When Mr Langton commenced work in 2003 he received a summary of benefits which included a “Group Income Protection Scheme”. This would be triggered after 13 weeks of incapacity at which point he would get 75% of his wages. There was also reference to this being subject to 5% increments each year backed by an insurance scheme. Mr Langton was signed off sick from 2009. After the business transferred in 2015 he realised that he had not been receiving any increments and brought a claim. The employer disputed liability on the grounds the insurance policy changed in 2008.

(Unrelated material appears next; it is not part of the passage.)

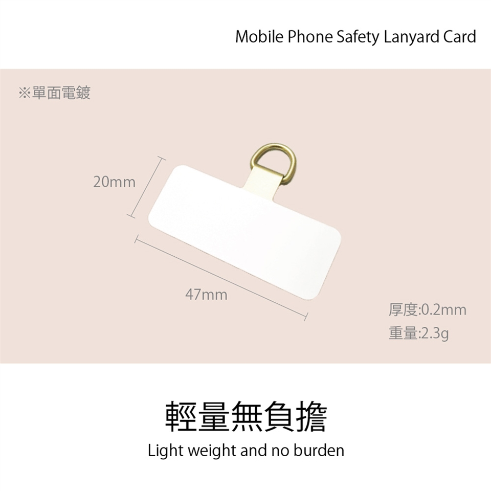 掛繩通用墊片可置入於手機殼內,連接手機本身與掛取配件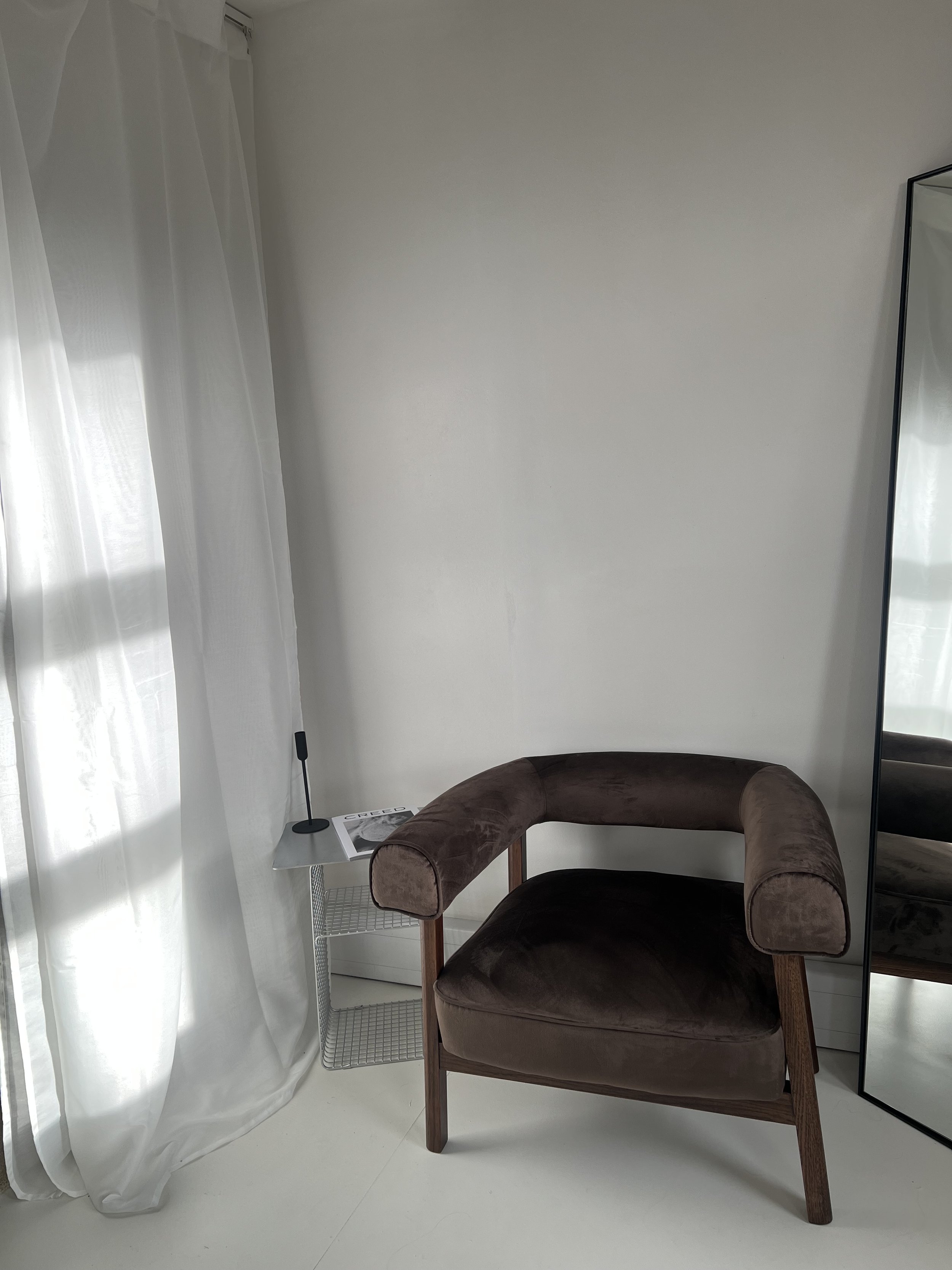 A brown velvet armchair with wooden legs in a corner, next to a small side table with a magazine and a lamp, near a window with sheer white curtains.

It was held that Mr Langton was contractually entitled to the annual increases in payments and that there had been a continuing unlawful deduction from wages. The wording in the summary of benefits was clear regarding the entitlement. The argument that the correct construction of the documentation was that its obligation was limited to the amount in respect of which was covered by the insurance was rejected. Even if there were references to the existence of this being insurance backed this did not have the effect that the employer’s obligation was limited to the extent of that cover 

Key takeaway points

The decision is an important reminder that if the payment of sickness benefits is to be linked to an insurance backed scheme it is essential that it is expressly referred to as being subject to any changes to the insurance policy and conditional on the payments being received from the insurer.  As this case shows in the absence of any express provision the courts are unlikely to imply a limitation and the cost will need to be met by the employer even if this was clearly not their intention.